Accelerating Discovery in Drug Development and Beyond
Beyond its applications in basic research, Evo 2 also holds immense promise for more applied fields, such as drug discovery and development.
One of the key bottlenecks in the pharmaceutical pipeline is the identification of viable drug targets - molecules or pathways that, when modulated, can effectively treat a particular disease. Traditionally, this process has relied heavily on manual curation and hypothesis-driven experimentation, which can be time-consuming and resource-intensive.
Evo 2, however, could help to dramatically streamline this process by rapidly scanning genomes for promising drug targets, based on its deep understanding of the underlying biology. By identifying novel genes or regulatory elements that may be implicated in disease, the model could point researchers towards new avenues for therapeutic intervention.
"Evo 2 has the potential to be a game-changer in drug discovery," says Dr. Blackwood. "By accelerating the identification of viable targets and guiding the design of more effective drugs, this technology could help to address some of the most pressing medical challenges of our time."
The Promise of Open Science
Perhaps most significantly, Evo 2 has been released as an open-source tool, allowing researchers and developers around the world to access and build upon this groundbreaking technology.
"One of our core values in developing Evo 2 was the belief that the most transformative scientific advancements come when knowledge is freely shared," explains Dr. Blackwood. "By making this model openly available, we hope to catalyze a wave of innovation and discovery that will benefit humanity as a whole."
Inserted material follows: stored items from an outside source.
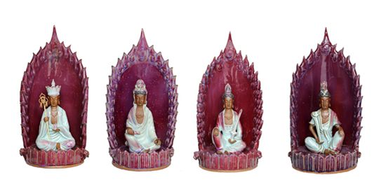 坪山鈞窯作為禹州鈞瓷代表企業(yè),一直以追尋中國(guó)文化根源,發(fā)揚(yáng)傳統(tǒng)文化精髓為理念。河南省非物質(zhì)文化遺產(chǎn)代表性傳承人、河南省陶瓷藝術(shù)大師楊廷璽在創(chuàng)作過(guò)程中,堅(jiān)持融合釋儒道各家之長(zhǎng),通過(guò)鈞瓷創(chuàng)作參悟宇宙蒼生至理,不斷推出與各種傳統(tǒng)文化相關(guān)的鈞瓷作品。鈞瓷《四大菩薩》,是根據(jù)佛教最著名的觀音、地藏、文殊、普賢四尊菩薩法像,精心設(shè)計(jì)創(chuàng)作的系列作品。四大菩薩分別象征四種理想的人格。其中文殊代表大智,普賢代表大行,觀音代表大悲,地藏代表大愿。四大菩薩居于佛座之上,神態(tài)各異,惟妙惟肖,法像莊嚴(yán)。2014年,獲得全國(guó)工藝美術(shù)大賽“百花獎(jiǎng)”金獎(jiǎng)。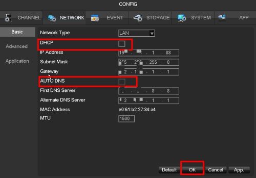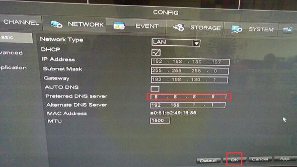 3. Please try to enter system > main menu > CONFIG > Basic, change the DNS server to 8.8.8.8 and click “OK” to save. And reboot the DVR .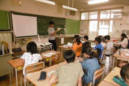 1組は国語の授業でコンピュータ室で調べ学習をしていました。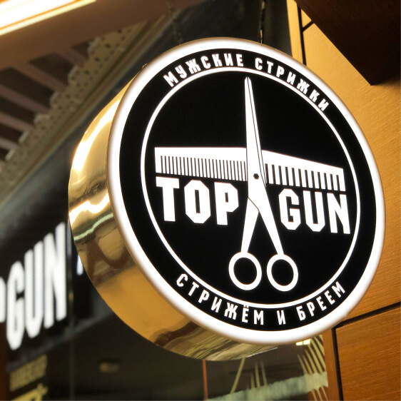 Является эффективным дополнением к основной вывеске. В некоторых случаях это единственно возможный вариант из-за недостатка места на фасаде. Стандартный размер панели-кронштейна — от 50 до 70 см в диаметре. Конструкция закрепляется перпендикулярно дороге, что позволяет видеть рекламное поле с двух сторон. Это помогает компании привлекать внимание пешеходов, движущихся вдоль улицы.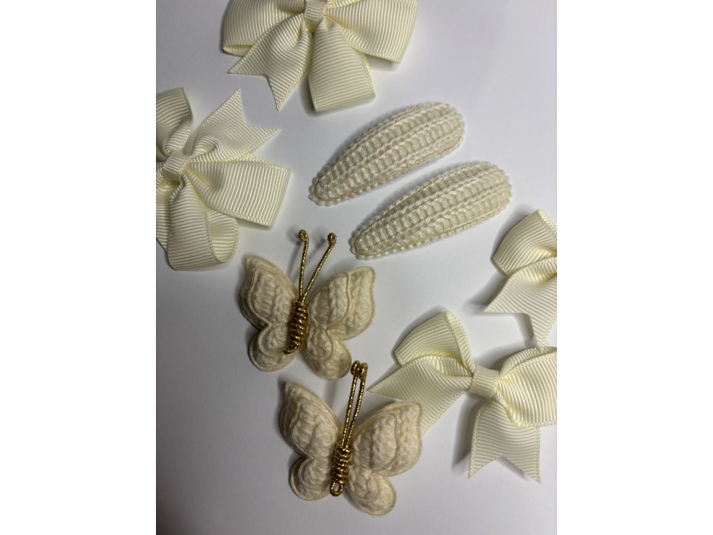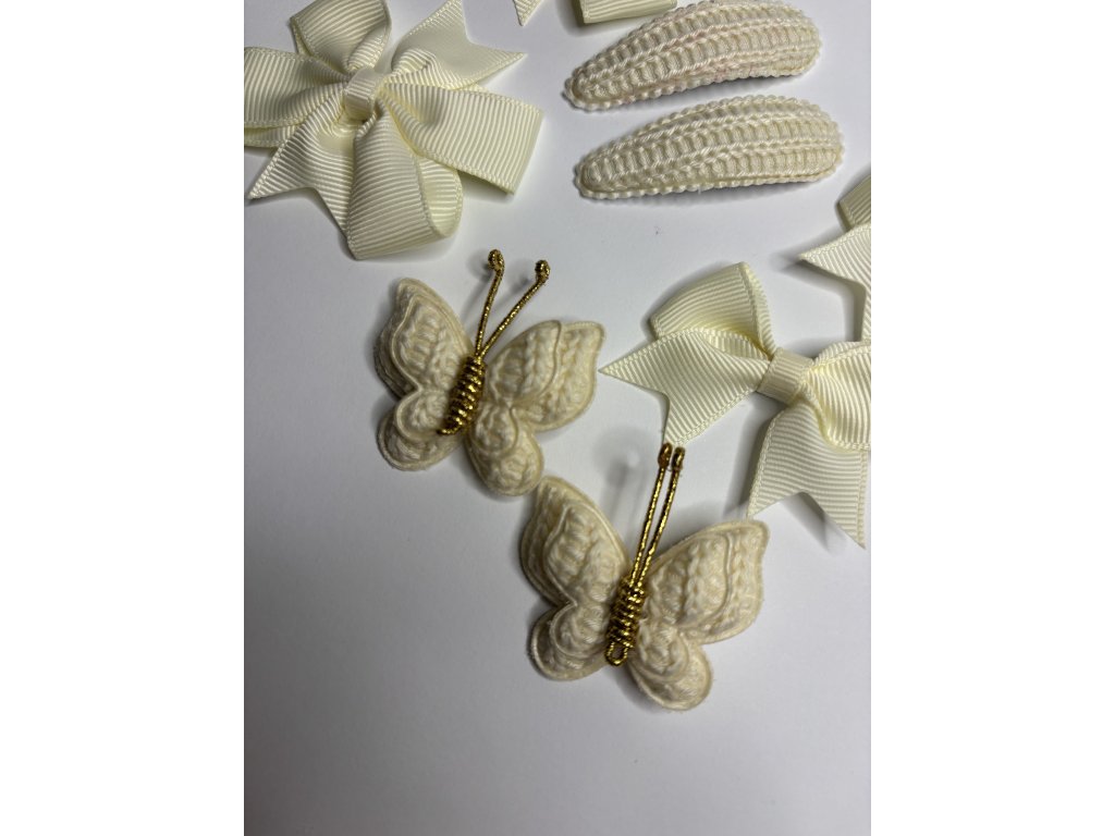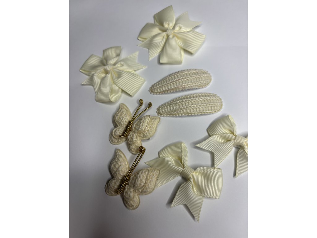 4 druhy sponiek do vlasov v krémovej farbe. Balenie obsahuje 8 rôznych sponiek.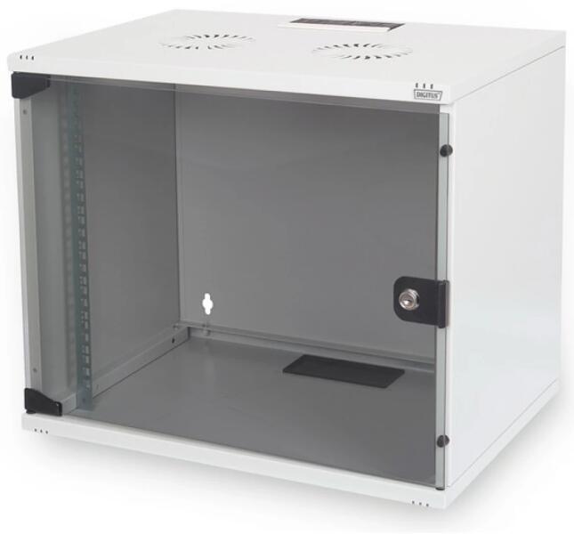7U wall mounting cabinet, SOHO, unmounted 370x540x400 mm, full glass front door, grey. - Safety class rating IP20 - Lockable safety-glass door - 200° door opening angle - 1-point-locking-mechanism...

This commitment to open science is particularly important in the rapidly evolving field of genomics, where the pace of data generation often outpaces the ability of individual research groups to keep up. By providing a powerful, community-driven resource like Evo 2, the team behind the project aims to democratize access to cutting-edge AI tools and accelerate the pace of scientific progress.
As the world grapples with the ever-growing wealth of genomic data, the arrival of Evo 2 marks a significant milestone in our quest to unlock the secrets of life. With its unparalleled ability to parse complex genomes and identify key functional elements, this open-source AI model has the potential to catalyze breakthroughs in fields as diverse as medicine, agriculture, and evolutionary biology. The future of genomic research has never looked brighter.